Alfred Cuthbert (December 23, 1785July 9, 1856) was a United States representative and Senator from Georgia. He should not be confused with his brother, John Alfred Cuthbert.

Life and career
Cuthbert was born in Savannah. He was instructed by private tutors and graduated from Princeton College in 1803. He studied law and was admitted to the state bar about 1805 but did not practice.

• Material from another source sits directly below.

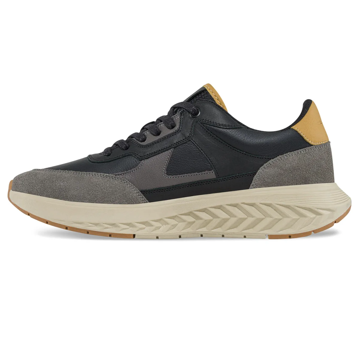Zapatos casual-deportivos con cordones encerados. Elaborados en cuero con acabados mate, piezas en gamuza y textil, costuras decorativas, forro textil acolchado, plantilla en sintético y suela en PVC bicolor con extra volumen.

In 1809, he was captain of a company of volunteer infantry, and was a member of the Georgia House of Representatives from 1810 to 1813. Cuthbert was elected as a Democratic-Republican Representative to the Thirteenth Congress to fill the vacancy caused by the resignation of William W. Bibb, and was reelected to the Fourteenth Congress and served from December 13, 1813, to November 9, 1816, when he resigned. He was a member of the Georgia Senate from 1817 to 1819, and was elected to the Seventeenth, Eighteenth, and Nineteenth Congresses, serving from March 4, 1821, to March 3, 1827.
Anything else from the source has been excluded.